Quality: 4.75 out of 5
Trip-O-Meter: 4.5 out of 5
The Incredible String Band and their producer, Joe Boyd, managed to bottle up everything that was groovy about their previous album and lace it with some prime Supercool. The sound of the recording is notably beefier and more nuanced, and both Robin Williamson and Mike Heron's songwriting and actual singing voices seem to blend together a bit better here. Although the album cover can't touch "5000 Layers of the Onion," this is arguably the sonic apex of acid folk in general.

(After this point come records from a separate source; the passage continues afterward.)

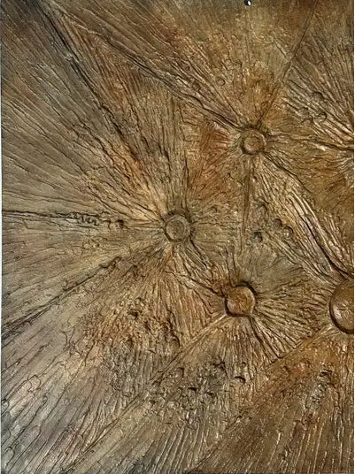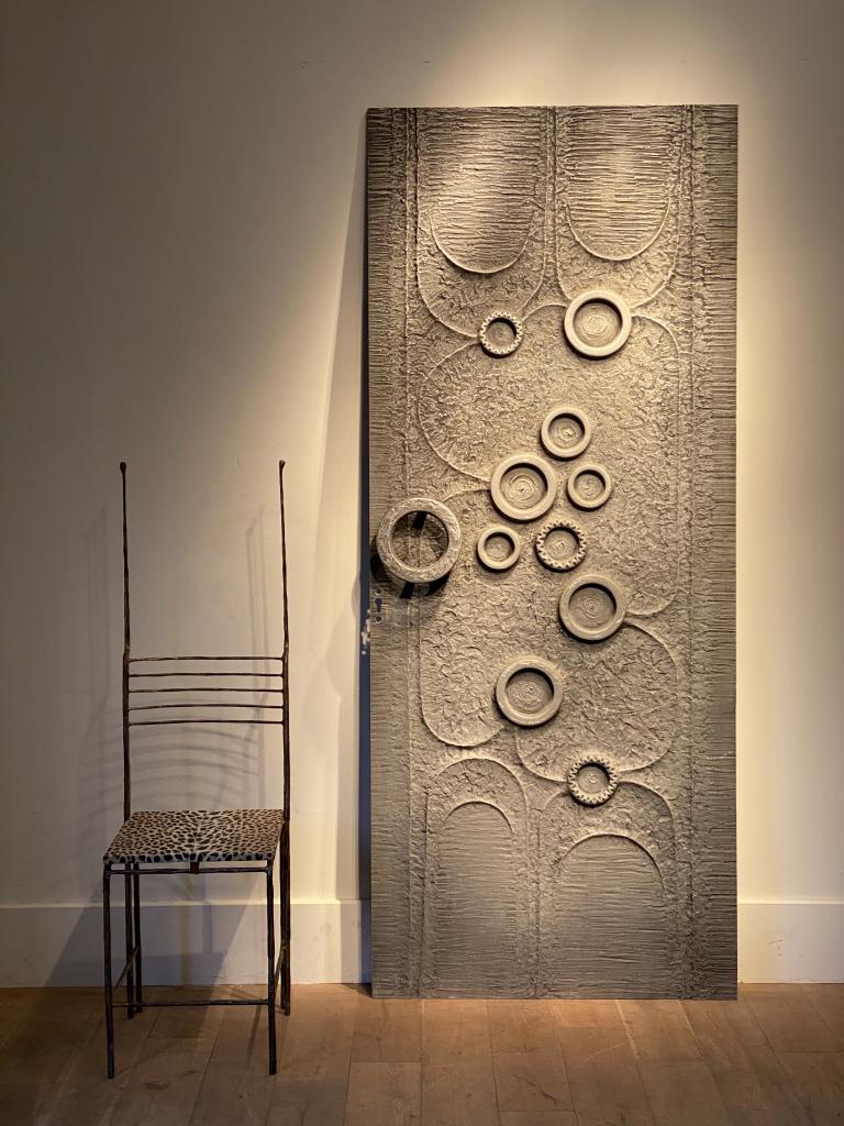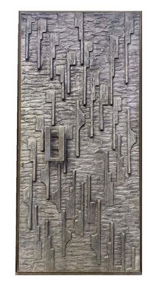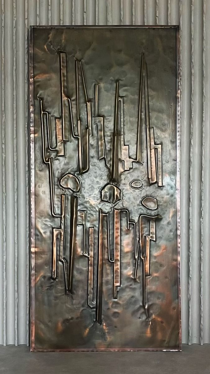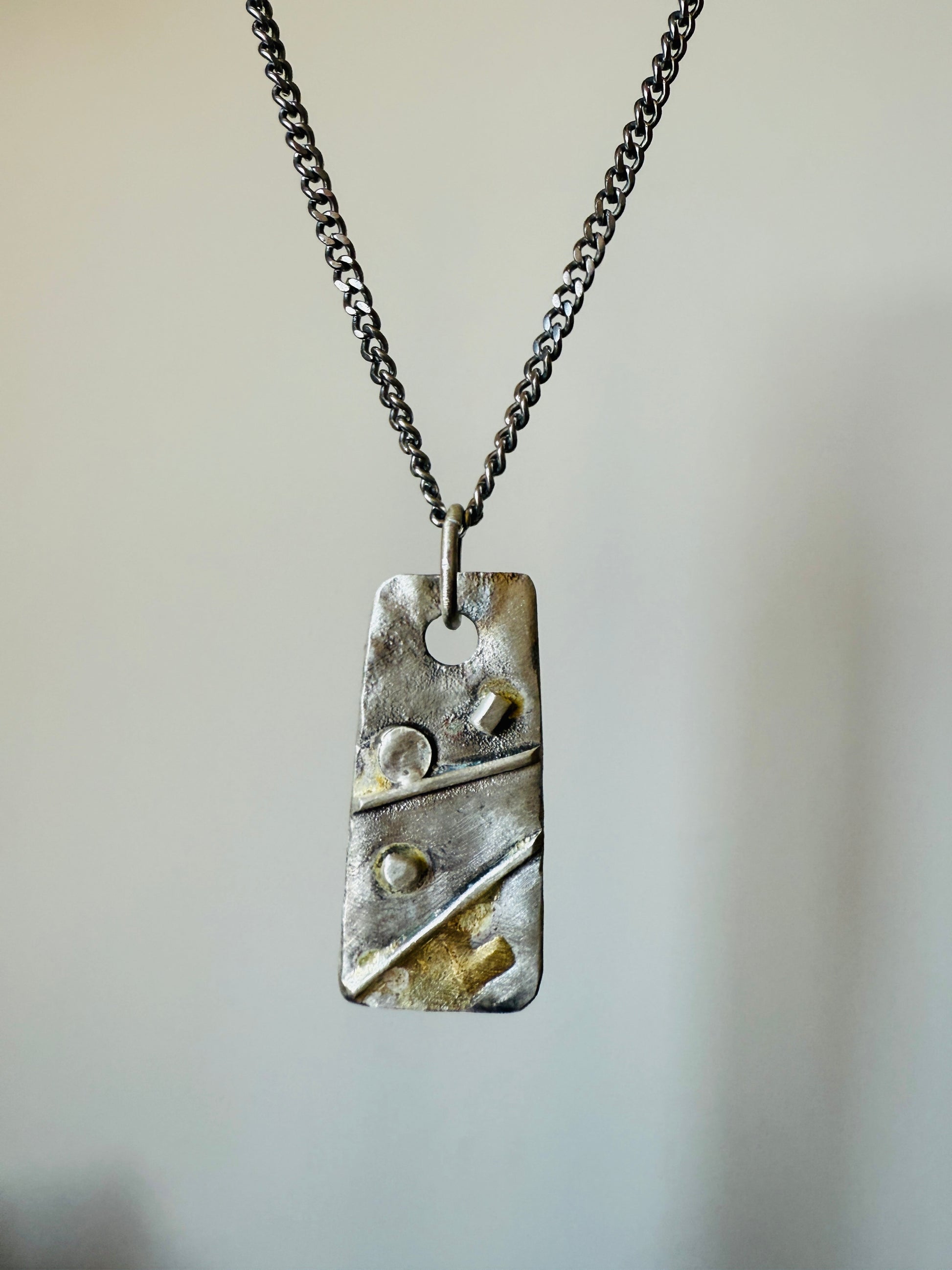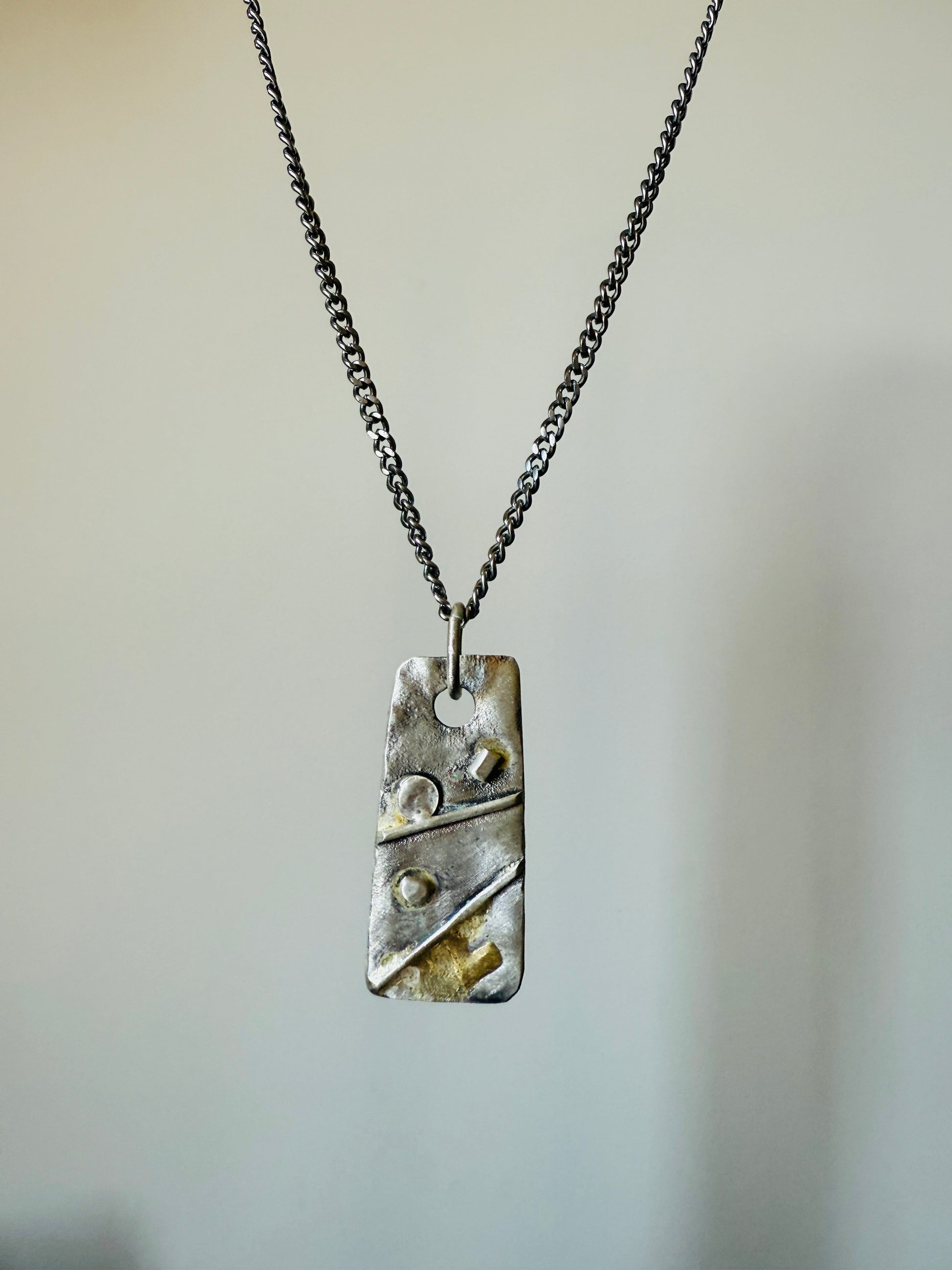 Silver pendant with a dash of brass, inspired by 70s brutalist metal doors.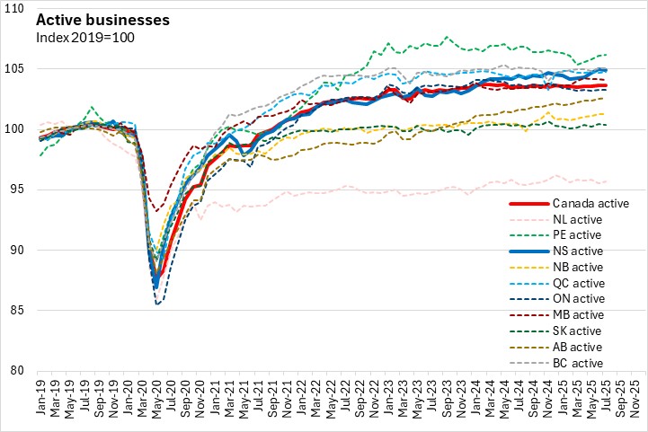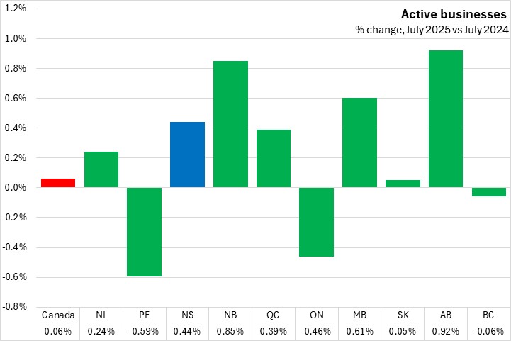 Compared with July 2024, the number of active businesses was up 0.44% for Nova Scotia. Nationally, active businesses were up 0.06% compared to July 2024. Alberta reported the largest increase in active businesses and Prince Edward Island reported the largest year-over-year percentage decline in active businesses.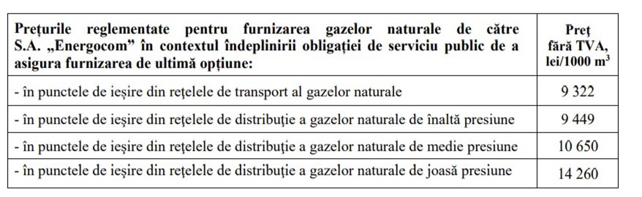 „Având în vedere că Energocom este un furnizor nou – nu a avut anterior obligații de serviciu public sau, mai simplu spus, nu a fost reglementat pentru furnizarea gazelor naturale – pentru acesta se aprobă toți indicatorii și toate costurile de la zero”, a explicat anterior directorul general al ANRE, Alexei Taran.

With the musical synergy seemingly in full effect, this album lacks the ping-ponging song credits of the last album. Instead, we start off with a clutch of Williamson's songs. "Koeeoaddi There" is likely the group at its catchiest (although I doubt this could manage much radio play), although Williamson does amusingly randomly bounce around from one theme to the next, but it's balanced by the great trancey guitar work. There's some really entertaining vocal affectations and call-and-response on "The Minotaur's Song," and it ends up sounding like something the villagers from "the Wicker Man" (the Christopher Lee one, not the Nick Cage one) would have rocked through in the pub on a Saturday night. Heron clocks in with the first of the band's epic length tracks, "A Very Cellular Song" (unfortunately, I can't help but think of mobile phones here in the future). I'm not sure it really justifies its 13 minute length, but the various, droning sections and oddball sound effects remain entertaining. Personally, I dig Heron's percussive and concise "Mercy I Cry City." Williamson is a little more tentative with his epic track only clocking in at eight minutes, but his sitar infused "Three is a Green Crown" ranks as one of my favorite tracks here. "The Water Song" provides some very groovy pads of woodwinds, but do they really fit with the Incredible STRING Band?...... yes, they do.
If you have any need for some acid folk in your life, this very well be the best place to go. This is the ISB at their best as an acoustic unit. After this, they'd start mucking around with a few electric instruments, and eventually end up as more folk-rock sort of band. They never really did the electric thing as well as Dylan, however, and this album stands tall as their masterpiece.